The next plot shows a graphical presentation of the above tabular view.
library(ggplot2)
library(scales)
data.events.health.frequency.10$evtype <- reorder(data.events.health.frequency.10$evtype, -data.events.health.frequency.10$frequency)
ggplot(data.events.health.frequency.10, aes(x=evtype,y=frequency)) +
geom_bar(stat="identity",fill="steelblue") +
geom_text(aes(label = frequency), vjust=1.6, color="white", size=3.5) +
scale_y_log10(labels = trans_format("log10", math_format(10^.x))) +
theme(axis.text.x = element_text(angle=45,hjust=1,vjust=1.0)) +
labs(title="Ten most harmful events from 1950 to 2011", x="event")
The variables needed for the analysis of the events which had the most economic impact are selected and summarized, the costs of the damages are calculated and summed.
Some preliminary work is required because the original dataset does not contains the definitive costs. First of all let’s build a table of factors based on the scale factors detected in both exponent variables.
library(data.table)
coefficientsDT <- data.table(x=c("","H","K","M","B"), y=c(1,100,1000,1e+06, 1e+09))
setkey(coefficientsDT)
These coefficients are applied to the provisory costs values in order to calculate the final costs.
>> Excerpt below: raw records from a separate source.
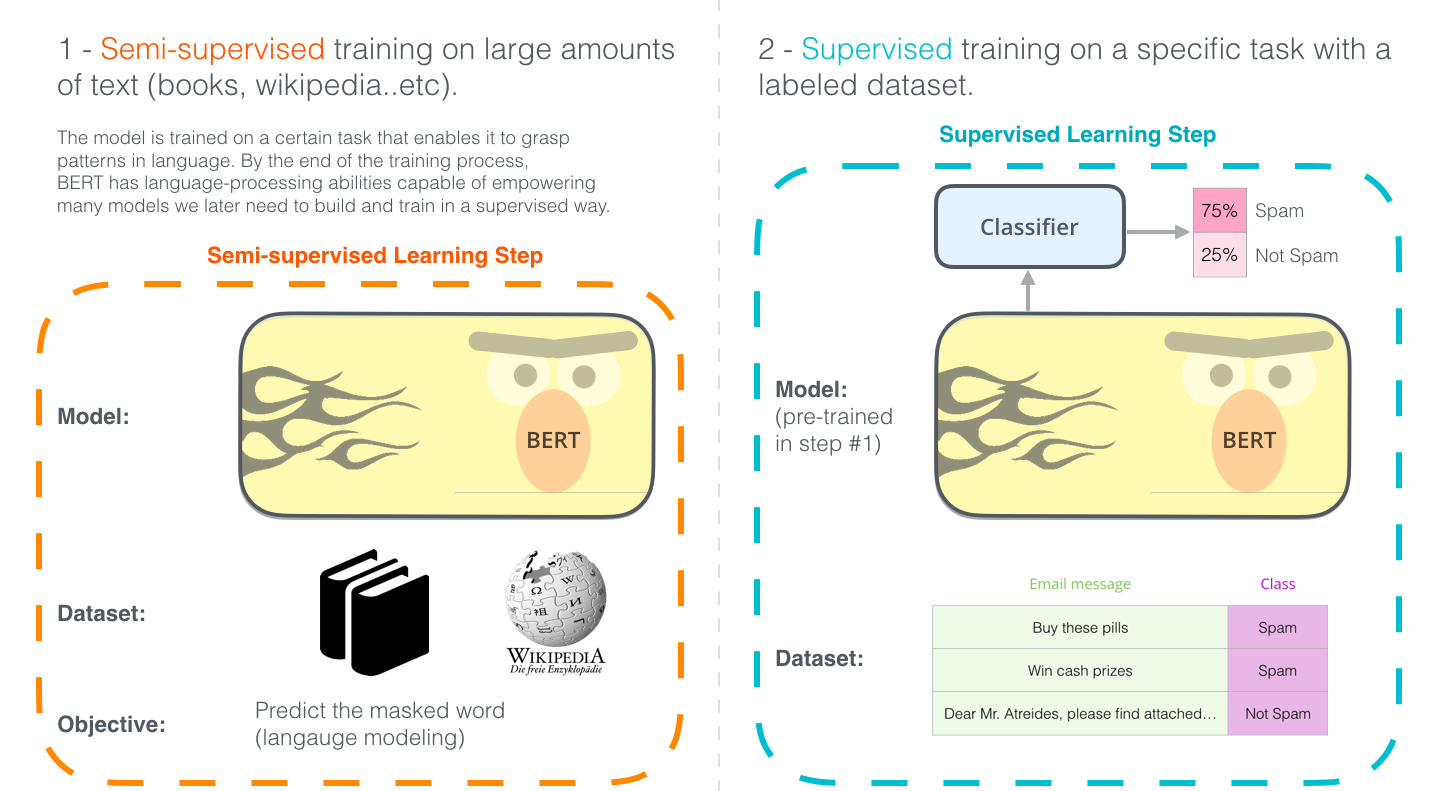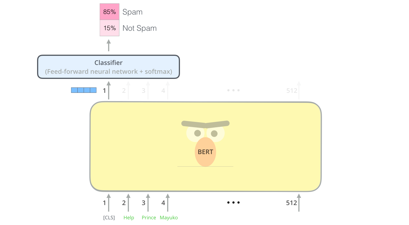 기존의 사전학습된 모델 마지막에 single-layer neural network를 분류기로 추가해서 input에 대한 output(label: Spam or Not Spam)이 출력되도록 task specific하게 fine-tuning되는 것이다.
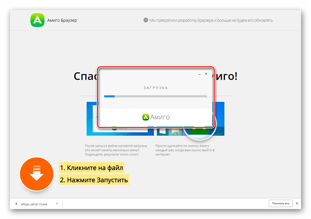 Далее начинается процесс установкиАмиго браузера для windows 7.
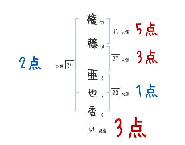 権藤亜也香さんの画数の鑑定結果
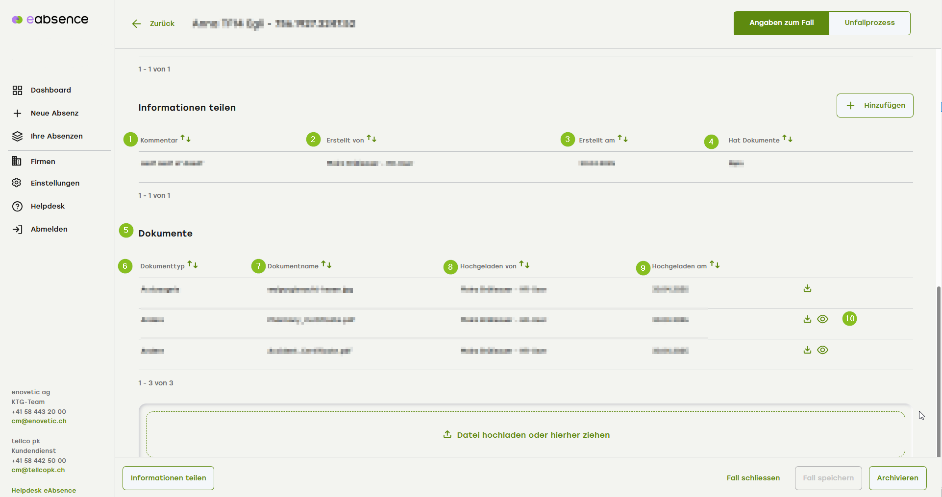 9. Das Datum, wann die diversen Dokumente hochgeladen wurden, wird aufgezeigt.
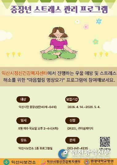 양찬모 익산시정신건강복지센터장은 "이번 프로그램을 통해 중장년층이 스트레스 관리 능력을 키우고 보다 건강한 삶을 이어가길 기대한다"며 "앞으로도 시민의 마음건강 회복을 위한 다양한 프로그램을 지속적으로 운영하겠다"고 말했다.
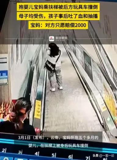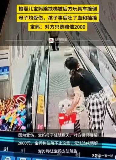 云南,一女子带着孩子和玩具车要下扶梯,她先是把玩具车放入扶梯,转头抱孩子,可就在她放孩子在扶梯上时,玩具车已经快速滑了下去,她眼睁睁地看着玩具车滑下去,下面也有人,她也不喊一声,结果一个宝妈被玩具车绊倒,怀中5个月大的孩子,摔了出去,事后,母子俩都受伤了,孩子两次吐血,还抽搐,女子只愿意赔偿2000元,宝妈报了警,女子还找了八九个人围着她,并喊道,让宝妈去起诉她。 事情发生在去年的9月29日,当时这个宝妈带着5个月大的孩子逛商场,下扶梯的时候,她特别的小心,因为怀里抱着孩子,她做什么都是小心翼翼的。 可她完全没有注意到,在她上方,一个女子带着一个年幼的孩子,还有一个扭扭车,他们也准备下扶梯。 因为女子的孩子也还小,她不方便一边抱着孩子,一边拎着扭扭车。 她就先是把扭扭车放到扶梯上,然后转过身来抱起孩子放到扶梯上。 就在这一刻,意外发生了,她看着扭扭车,居然快速地滑了下去,前面除了宝妈抱着孩子,还有一位阿姨。 可她眼睁睁看着扭扭车就要撞到宝妈了,她却没有喊一声。 意外就这样发生了,扭扭车撞到了宝妈,宝妈站不稳直接摔倒,怀里的5个月的孩子也摔了出去。 孩子瞬间摔得哇哇大哭,此时扶梯也马上到了终点,如果孩子没有被及时抱起,有可能会受到第2次伤害。 就在这千钧一发的时刻,后方的阿姨,赶紧蹲下去把孩子抱了起来,孩子这才没有受到第2次伤害。 即使如此,宝妈和孩子都受伤了,宝妈不敢掉以轻心,就赶紧带着孩子一起去医院检查。 此时让她更难以接受的事情发生了,她和孩子去到医院,那名女子居然打电话叫了八九个人过来,团团围着她。 那时的宝妈真的好烦,孩子疼得哇哇在哭,自己也不舒服,腰也受伤了,看着这几个人,宝妈不知道他们想干啥,只好打电话给丈夫,丈夫告诉她,赶紧报警,宝妈这才报了警。 可这些人居然问她,报警的目的到底是什么,宝妈从来没有遇到过这种情况,民警过来之后,她只能实话实说,她和孩子这才得以检查。 她受伤了,她倒不是特别在意自己的伤,她担心的是孩子,她害怕孩子哪里出血,就给孩子做了检查,检查一遍,她还不放心,又到别的医院做了一次检查,孩子也没有什么问题,宝妈这才松了一口气。 女子一看,孩子没什么问题,他们也不再管这件事了。 可是这件事过去了10多天,10月10号那天,她的孩子突然吐了两次血,她吓得半死,而且孩子还会抽搐,她更加担心了,这肯定和那一次摔倒有关。 宝妈只好带着孩子去治疗,住院住了十几天,可是女子这边却说,孩子住院和她没有关系,宝妈给她发信息不回,打电话不接,女子只好又寻找民警帮忙。 女子这才表示愿意给2000元赔偿,2000元,这点钱都不够他们住院的费用,宝妈当然不愿意,但女子表示,多一分钱也不会给,想多要赔偿,那就起诉她。 看着女子态度这么嚣张,宝妈很无奈。 自从孩子出了事,她的丈夫也不怎么管孩子,现在这个女子,又不愿意对这件事负责,她感受到很大的压力。 她最害怕的就是,如果孩子因为这件事,身体上出了毛病,她真不知道如何是好。 发生这样的事情,她当然要追究女子的责任。 在这件事情当中,那个女子肯定是有过错的,是要承担过错责任的。 《民法典》第1165条规定:行为人因过错侵害他人民事权益造成损害的,应当承担侵权责任。 在当时的情况下,如果她喊一声,意外可能就不会发生。 在由于她的过错导致意外的发生,那么她就应当承担责任,进行赔偿。 《民法典》第1179条规定:侵害他人造成人身损害 的,应当赔偿医疗费,护理费,交通费,营养费,住院伙食补助费等为治疗和康复支出的合理费用,以及因误工减少的收入。造成残疾的,还应当赔偿辅助器具费和残疾赔偿金。 至于要赔偿多少,则要根据宝妈和孩子的实际情况进行赔偿。 那么你对这件事有何看法呢?
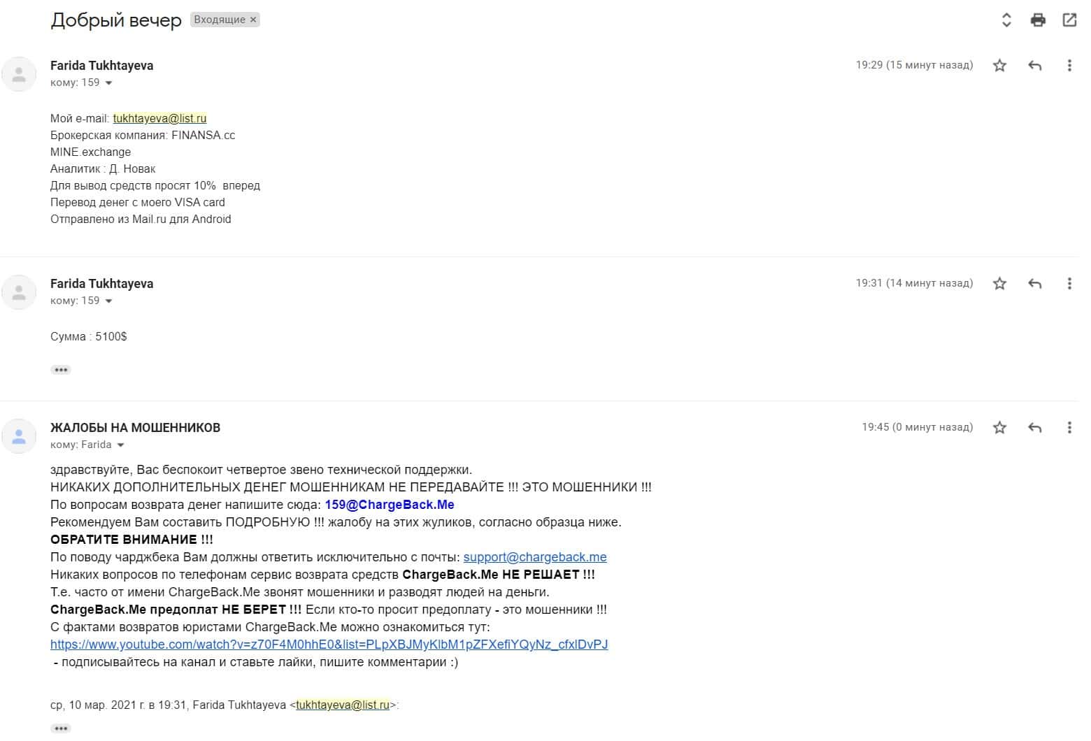 Далее предлагаем ознакомиться с первоочередной и подробной жалобой о мошеннической организации Майн Эксчендж, которая совместно с Финанса кинули клиента на 5100 долларов.
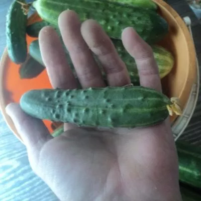 Окраска плодов насыщенная, темно-зеленая, без светлых полос, что свидетельствует о стабильном накоплении хлорофилла. Поверхность покрыта выраженными бугорками, что характерно для многих пчелоопыляемых сортов и гибридов салатного назначения.
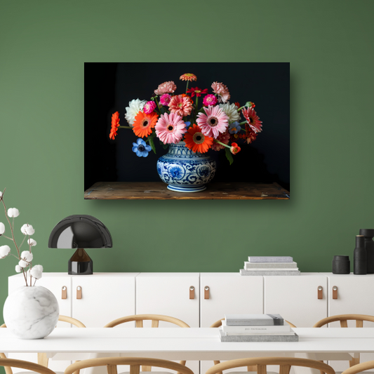Onze bloemen in vaas schilderijen brengen de elegante charme van bloemen naar je interieur. Met hun gedetailleerde en levendige afbeeldingen voegen ze kleur en schoonheid toe aan elke kamer. Of je nu houdt van klassieke boeketten, moderne bloemstukken of exotische combinaties, deze schilderijen vangen de pracht van bloemen op een verfijnde manier. Ze passen perfect in zowel moderne als traditionele interieurs. Eenvoudig op te hangen en ideaal voor de woonkamer, slaapkamer of eetkamer. Laat je muren opfleuren met de frisse uitstraling van bloemen in vaas en geniet van een stijlvolle en uitnodigende sfeer. Maak je ruimte compleet met de tijdloze schoonheid van onze bloemen in vaas schilderijen.

data.events.damages <- data.tidy %>%
select(evtype, propdmg, propdmgexp, cropdmg, cropdmgexp) %>%
mutate(
propdmg.cost=coefficientsDT[as.character(toupper(propdmgexp)),y]*propdmg,
cropdmg.cost=coefficientsDT[as.character(toupper(cropdmgexp)),y]*cropdmg)
The summarization of the costs by event type can now be executed.
data.events.damages.costs <- summarise(group_by(data.events.damages, evtype),
propdmg.costs=sum(propdmg.cost),
cropdmg.costs=sum(cropdmg.cost),
costs=sum(propdmg.cost+cropdmg.cost))
The ten types of event with most economic impact can be obtained easily by a descendant sort.
data.events.damages.costs.10 <- data.events.damages.costs %>%
arrange(desc(costs)) %>%
slice(1:10)
data.events.damages.costs.10
## # A tibble: 10 × 4
## evtype propdmg.costs cropdmg.costs costs
## <chr> <dbl> <dbl> <dbl>
## 1 hurricanetyphoon 69305840000 2607872800 71913712800
## 2 stormsurge 43323536000 5000 43323541000
## 3 hurricane 11868319010 2741910000 14610229010
## 4 riverflood 5118945500 5029459000 10148404500
## 5 tropicalstorm 7703890550 678346000 8382236550
## 6 wildfire 4765114000 295472800 5060586800
## 7 stormsurgetide 4641188000 850000 4642038000
## 8 hurricaneopal 3172846000 19000000 3191846000
## 9 wildforestfire 3001829500 106796830 3108626330
## 10 heavyrainsevereweather 2500000000 0 2500000000
As a result, hurricanes and typhoons are the event that had the most economic impact over the last six decades.
The next plot shows a graphical presentation of the above tabular view.
data.events.damages.costs.10$evtype <- reorder(
data.events.damages.costs.10$evtype, -data.events.damages.costs.10$costs)
ggplot(data.events.damages.costs.10, aes(x=evtype,y=costs)) +
geom_bar(stat="identity",fill="steelblue") +
geom_text(aes(label = costs), vjust=1.6, color="white", size=2.5) +
scale_y_log10(labels = trans_format("log10", math_format(10^.x))) +
theme(axis.text.x = element_text(angle=45,hjust=1,vjust=1.0)) +
labs(title="Ten events with greatest economic consequences from 1950 to 2011", x="event")
As a result, the variables of the origin dataset and their observations reveal that tornados, hurricanes and typhoons are the types of event with most economic and health consequences over the last six decades.